▶ _GOAL OF THE EXERCISE_
Leave out all pictures while you copy the lines exactly from the one with "ということでエントランスを抜" through the last line of the listing.
---------- INFORMATION PROVIDED ----------
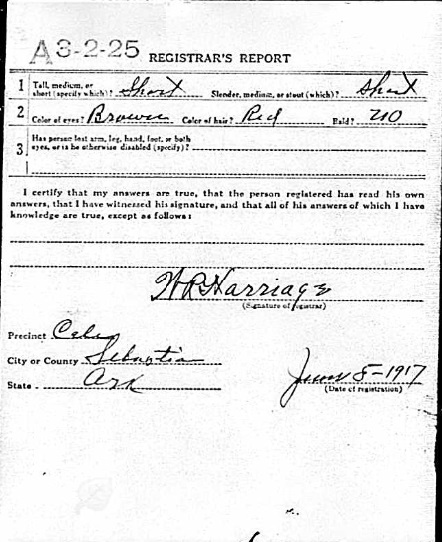 Walter registered for the military draft June 5, 1917 at Cole Twsp., Sebastian Co.
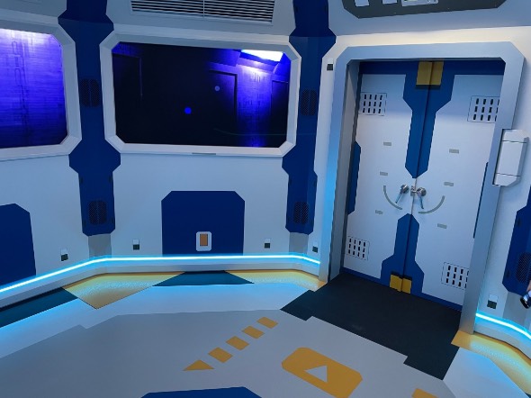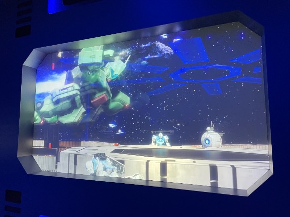 ということでエントランスを抜けると、軌道エレベーターへの入り口が並んだ搭乗ホールになっています。ここで旅のお供を務める2機のハロ「イークス」と「ポー」とご対面。来場者はエレベーター内に乗り込み、超高速で宇宙ステーションに向かうことになります。窓の外の風景が下に向けてかっ飛んでいくのと同時に地面がビリビリ揺れて、確かに垂直上昇してる感じがする。それにしても、軌道エレベーター要素が盛り込まれているの、「バンダイナムコは『Gレコ』のことを忘れてないぞ!」という意思表示を感じてアツいですね。ほら、ガンダムでマスドライバーじゃなくて軌道エレベーターが出てくるのってけっこう珍しいし……。『OO』にも『水星の魔女』にも出てきただろって言われちゃうと何も言い返せませんが。
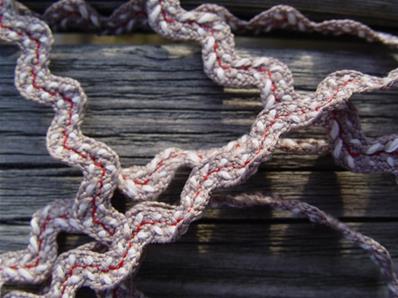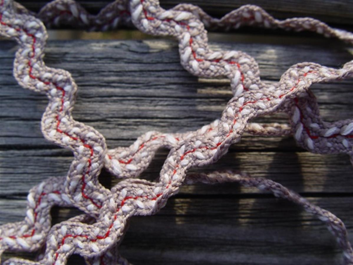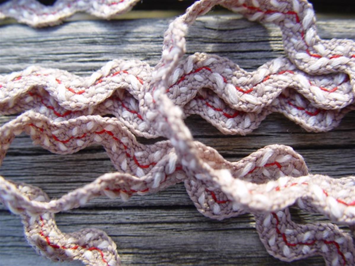 Superbe croquet en lin-coton, avec un enchevêtrement de rouge et blanc sur un fond taupe
----------
▶ _RESPONSE TO THIS EXERCISE_
 ということでエントランスを抜けると、軌道エレベーターへの入り口が並んだ搭乗ホールになっています。ここで旅のお供を務める2機のハロ「イークス」と「ポー」とご対面。来場者はエレベーター内に乗り込み、超高速で宇宙ステーションに向かうことになります。窓の外の風景が下に向けてかっ飛んでいくのと同時に地面がビリビリ揺れて、確かに垂直上昇してる感じがする。それにしても、軌道エレベーター要素が盛り込まれているの、「バンダイナムコは『Gレコ』のことを忘れてないぞ!」という意思表示を感じてアツいですね。ほら、ガンダムでマスドライバーじゃなくて軌道エレベーターが出てくるのってけっこう珍しいし……。『OO』にも『水星の魔女』にも出てきただろって言われちゃうと何も言い返せませんが。
 Superbe croquet en lin-coton, avec un enchevêtrement de rouge et blanc sur un fond taupe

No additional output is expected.